Ren et al. examine the structure of maize pollen actin.
Plant Cell https://doi.org/10.1105/tpc.18.00973
Zhanhong Ren (Ph.D. candidate), Key Laboratory of Cell Proliferation and Regulation Biology of Ministry of Education, Center for Biological Science and Technology, College of Life Sciences, Beijing Normal University, Zhuhai 519087, China
Haiyun Ren (professor), Key Laboratory of Cell Proliferation and Regulation Biology of Ministry of Education, Center for Biological Science and Technology, College of Life Sciences, Beijing Normal University, Zhuhai 519087, China
Background: The actin cytoskeleton in cells is like the steel reinforced concrete in a building. It plays vital roles in many fundamental processes including vesicle and organelle transportation, endo- and exocytosis, and cell division and growth. Actin exists as two states in vivo: globular actin (G-actin) and filamentous actin (F-actin), which are subject to a dynamic equilibrium of polymerization and depolymerization. In most instances, F-actin is the functional form of actin proteins. Thus, studying the structure of F-actin is of particular importance for understanding its functional mechanism. The biochemical activities and cellular functions are different between plant and animal actins. However, the structural basis accounting for these differences remains poorly understood, largely because none of the plant F-actin structures have been resolved.

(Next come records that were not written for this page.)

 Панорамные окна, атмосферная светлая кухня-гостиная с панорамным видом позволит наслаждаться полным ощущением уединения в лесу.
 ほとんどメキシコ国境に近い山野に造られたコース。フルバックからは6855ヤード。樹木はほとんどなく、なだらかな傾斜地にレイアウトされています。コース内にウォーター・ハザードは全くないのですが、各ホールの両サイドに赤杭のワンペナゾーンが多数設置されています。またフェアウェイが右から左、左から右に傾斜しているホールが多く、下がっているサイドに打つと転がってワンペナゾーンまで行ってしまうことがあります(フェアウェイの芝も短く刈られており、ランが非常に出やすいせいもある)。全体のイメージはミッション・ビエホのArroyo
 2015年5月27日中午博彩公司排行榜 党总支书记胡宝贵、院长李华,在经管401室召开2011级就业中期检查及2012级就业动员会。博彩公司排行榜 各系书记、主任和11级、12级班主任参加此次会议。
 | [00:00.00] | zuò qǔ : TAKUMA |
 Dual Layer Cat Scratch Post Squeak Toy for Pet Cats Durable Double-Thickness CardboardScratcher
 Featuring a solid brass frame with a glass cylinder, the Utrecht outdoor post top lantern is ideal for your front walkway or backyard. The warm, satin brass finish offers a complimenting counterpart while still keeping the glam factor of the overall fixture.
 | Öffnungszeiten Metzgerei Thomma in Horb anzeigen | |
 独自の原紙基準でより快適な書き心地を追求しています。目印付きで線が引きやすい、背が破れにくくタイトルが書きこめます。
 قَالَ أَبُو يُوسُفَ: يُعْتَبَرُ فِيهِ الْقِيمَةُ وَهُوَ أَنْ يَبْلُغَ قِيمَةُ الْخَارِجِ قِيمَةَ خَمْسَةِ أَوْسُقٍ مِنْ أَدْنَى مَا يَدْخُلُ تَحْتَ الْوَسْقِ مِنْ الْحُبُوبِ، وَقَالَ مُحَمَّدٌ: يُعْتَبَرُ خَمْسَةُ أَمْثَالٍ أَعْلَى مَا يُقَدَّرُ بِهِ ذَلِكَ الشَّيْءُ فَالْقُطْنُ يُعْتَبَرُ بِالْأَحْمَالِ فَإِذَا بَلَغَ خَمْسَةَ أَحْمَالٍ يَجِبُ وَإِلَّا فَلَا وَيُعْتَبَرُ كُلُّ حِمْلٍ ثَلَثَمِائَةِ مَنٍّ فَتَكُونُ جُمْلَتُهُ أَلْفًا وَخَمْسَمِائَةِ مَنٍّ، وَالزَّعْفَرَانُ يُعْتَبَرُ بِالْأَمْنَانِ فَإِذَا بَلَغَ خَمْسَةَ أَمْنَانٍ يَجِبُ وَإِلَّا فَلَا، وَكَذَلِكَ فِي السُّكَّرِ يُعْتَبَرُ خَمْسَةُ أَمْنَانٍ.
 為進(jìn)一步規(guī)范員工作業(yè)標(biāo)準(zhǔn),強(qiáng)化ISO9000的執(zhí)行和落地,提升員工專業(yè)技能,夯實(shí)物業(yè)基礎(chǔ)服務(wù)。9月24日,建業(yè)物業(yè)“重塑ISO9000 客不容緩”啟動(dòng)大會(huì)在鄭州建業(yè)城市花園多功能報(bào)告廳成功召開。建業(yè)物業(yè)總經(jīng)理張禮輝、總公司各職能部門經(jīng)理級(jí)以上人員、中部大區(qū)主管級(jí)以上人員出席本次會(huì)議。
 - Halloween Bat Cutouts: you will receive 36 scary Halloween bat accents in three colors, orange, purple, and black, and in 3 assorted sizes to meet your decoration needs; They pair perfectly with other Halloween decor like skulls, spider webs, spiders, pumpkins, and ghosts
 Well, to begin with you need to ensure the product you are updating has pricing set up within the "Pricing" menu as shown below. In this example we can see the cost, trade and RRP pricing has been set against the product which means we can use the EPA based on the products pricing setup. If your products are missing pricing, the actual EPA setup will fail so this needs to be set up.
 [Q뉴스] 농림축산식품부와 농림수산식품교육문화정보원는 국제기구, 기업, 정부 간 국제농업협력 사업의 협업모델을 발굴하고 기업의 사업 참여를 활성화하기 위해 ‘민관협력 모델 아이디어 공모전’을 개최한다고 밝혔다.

Question: We wanted to determine the first structure of plant F-actin and discover its structural characteristics. Besides, we would like to measure the rupture forces of actin filaments.
Findings: We report a 3.9 Å resolution structure of Zea mays (maize) pollen actin (ZMPA) filaments determined by cryo-electron microscopy and rupture forces of actin filaments measured by single-molecule magnetic tweezers. The structure shows a right-handed, double-stranded (two strands running parallel to each other) and staggered architecture. The DNase I-binding loop (D-loop) of the ZMPA filament structure bends further outward compared to that of the rabbit skeletal muscle actin (RSMA), adopting an open conformation similar to that of the jasplakinolide- or Beryllium fluoride (BeFx)-stabilized RSMA filament. Thus, plant actin filaments may be more stable than animal actin filaments. Single-molecule magnetic tweezers analysis revealed that the averaged rupture force of a single ZMPA filament is 37.8 pN (pico-Newton), which is 11.3 pN greater than that of a single RSMA filament. Our data provide evidence that plant actin filaments have a greater stability than animal actin filaments.
Next steps: Further work is needed to discover the direct connection between the structural characteristics of the plant actin cytoskeleton and physiological phenomena of plant cells, especially actins’ roles as tracks for long-distance vesicle and organelle transportation.
Zhanhong Ren, Yan Zhang, Yi Zhang, Yunqiu He, Pingzhou Du, Zhanxin Wang, Fei Sun, and Haiyun Ren. (2019). Cryo-EM Structure of Actin Filaments from Zea mays Pollen. Plant Cell; DOI: https://doi.org/10.1105/tpc.18.00973
Key words: Cryo-electron microscopy; D-loop conformation; F-actin stability; Single-molecule magnetic tweezers; Structure of plant actin filaments.